I have been able to prove that there exists a formal change of coordinates $\hat\Phi$ such that $$ \hat\Phi_*( X)=F.$$

By Borel's lemma, there exists a smooth change of coordinates $\Phi$ such that $$ \Phi_*(X)=F+\tau(x,z,\varepsilon),$$ where $\tau$ is a smooth vector field on $\mathbb {R}^3$ whose components are flat at the origin, that is all partial derivatives of the components of $\tau$ at the origin are zero.

  • I want to prove that there exists a smooth transformation $\Psi$ such that $\Psi_*(X)=F$. For this I tried to use the "path method", which consist on building a path between the vector fields $F$ and $F+\tau$. Such a path is an $s$-parameter family of vector fields $F_s=F+s\tau$. Next, we define the vector fields $$\tilde F=F_s+0\frac{\partial}{\partial s}$$ and $$ H=h_1\frac{\partial}{\partial x}+h_2\frac{\partial}{\partial z}+h_3\frac{\partial}{\partial \varepsilon} +1\frac{\partial}{\partial s}.$$ In this book there is a lemma stating that if $$[\tilde F,H]=0$$ then all $F_s$ are holomorphically equivalent to each other.

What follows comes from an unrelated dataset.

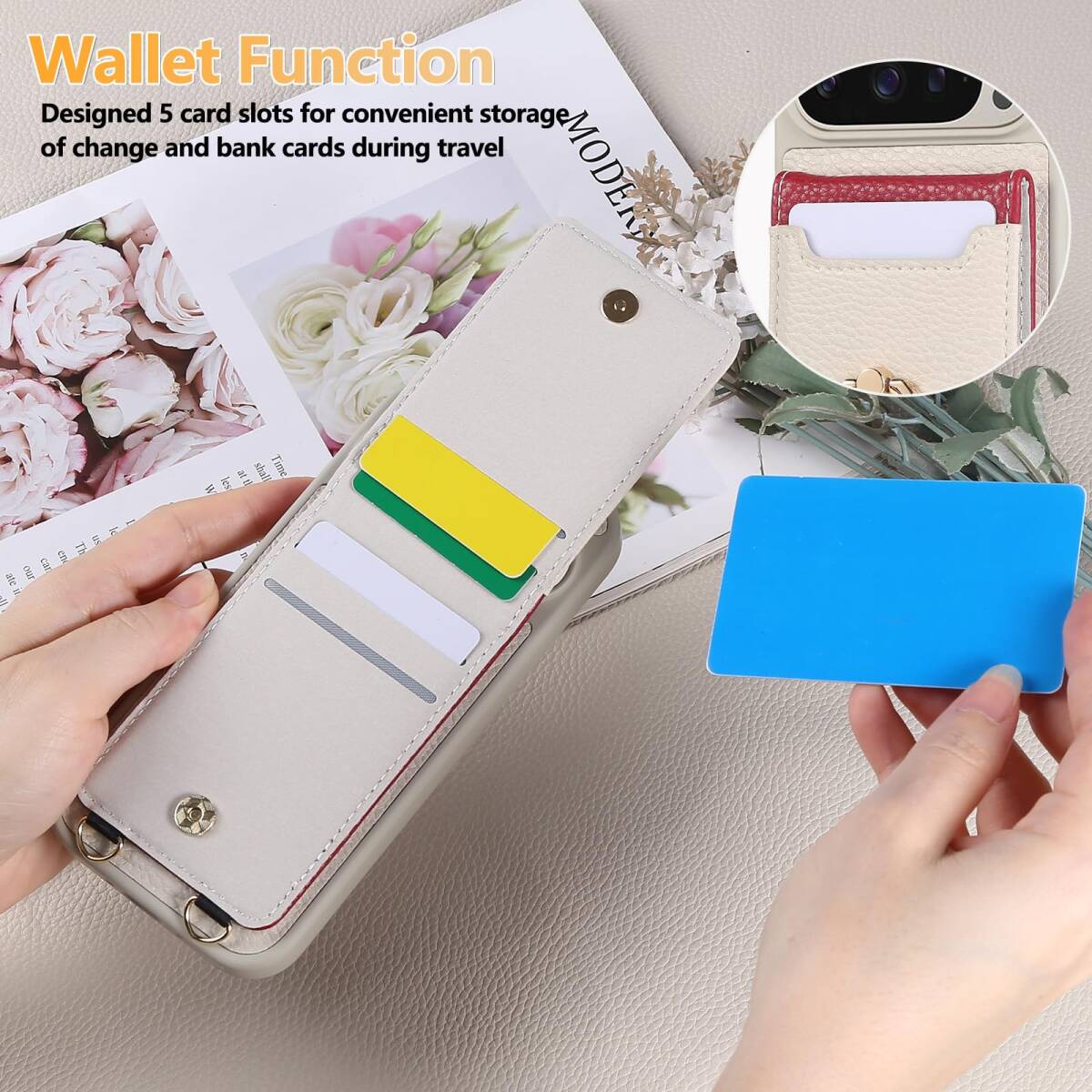 【背面収納】このgooglepixel9a ケースの背面には5つのカードポケットがあり、銀行カード、IDカード、交通カードなどを一緒に収納でき、とても便利な収納機能を備えています。

I believe this is true also in the smooth case as the proof does not make any use of analyticity.

The problem is that I cannot find an explicit vector field $H$ satisfying the conditions of the lemma (this does not prove of course that $H$ does not exists, just that I am unable to find it) ... I can write down the computations that I have so far, if anyone wants.

So, is there any other way to do such things as conjugating two vector fields?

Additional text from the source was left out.